Example Notebooks

RAIL comes with several notebooks that demonstrate how to use it to analyze data in a number of different ways.

Here we describe the various notebooks and suggest other ways in which you might study the data.

Starting out, overview notebooks

We recommend starting with the Goldenspike notebook, which demonstrates a relatively simple end-to-end analysis. This analysis starts off by making a model that can be used to generate synthetic catalogs of photometric data. It then uses that model to create sets of synthetic data to train and test per-object redshift estimators, i.e., estimators that compute p(z). From there it trains and tests a few estimators using some common algorithms. It then evaluates the performance of those estimators. Finally, it shows a few methods that converts p(z) for a set of objects to an ensemble distribution n(z).

The estimation notebook focuses more on the estimation parts of the analysis, and demonstrates a few additional estimation algorithms.

The evaluation of the estimator performance is described in more depth in its own notebook.

Finally, we have collected demonstrations of useful utilites to explore which packages and algorithms are available in the current RAIL installation.

Deeper dives into synthetic data creation

The notebooks in this directory demonstrate how how to generate synthetic photometric data, and also how to “degrade” the synthetic data by applying various effects to the data.

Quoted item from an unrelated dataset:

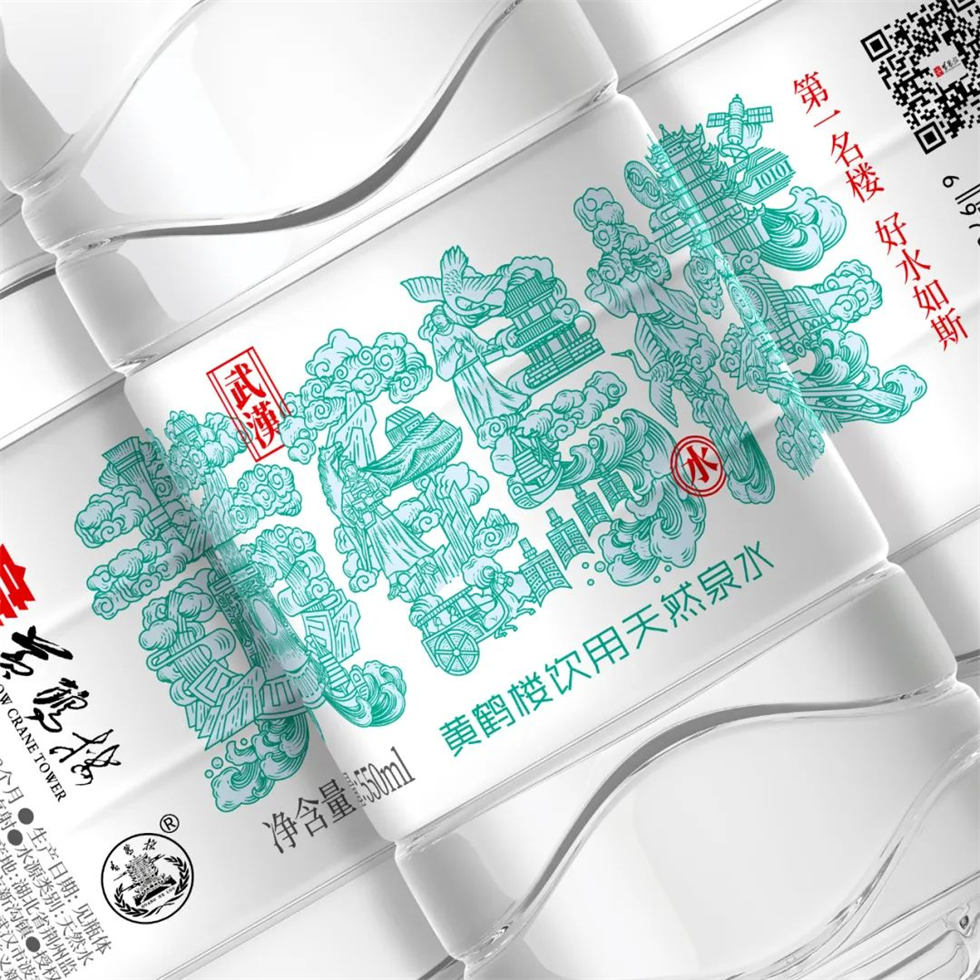 這是一款黃鶴樓出品的飲用天然泉水,設計師在飲用天然泉水包裝設計上用畫字的方式,打破了文字與圖形的界限,把武漢3500年文化融入到黃鶴樓三個字里,不斷強化品牌與城市文脈,瓶蓋圖案設計靈感來源于《白云黃鶴》中的駕鶴仙人,傳達出黃鶴樓的仙氣神韻。

These notebooks demonstrate utilities that can be used to prepare data for analysis, e.g., by converting fluxes to magnitudes and applying dereddening and by converting fluxes to hyperbolic magnitudes

Examples of using specific estimators

These three notebooks demonstrate specific p(z) estimators in more detail, specifically, the CMNN, GPz and NZDIR algorithms.

These two notebooks demonstrate self-organizing map (SOM) based algorithms that estimate the ensemble n(z) distribution: the first works with the SOM directly, while the second clusters the SOM cells to reduce statistical fluctuations.

Finally, this notebook demonstrates converting collections of per-object p(z) estimates to ensemble n(z) estimates.

Deeper explanations of rail concepts

The two notebooks demonstrate how to convert a notebook into a ceci analysis pipeline and how to run an existing pipeline

This notebook explains the concept of the Data Store that keeps track of the data being used in an analysis pipeline, and which can be used to interactively access data.

Finally, this notebook demonstrates the mechanisms we use to iterate over tabular data, which is needed to avoid reading entire object catalogs into memory.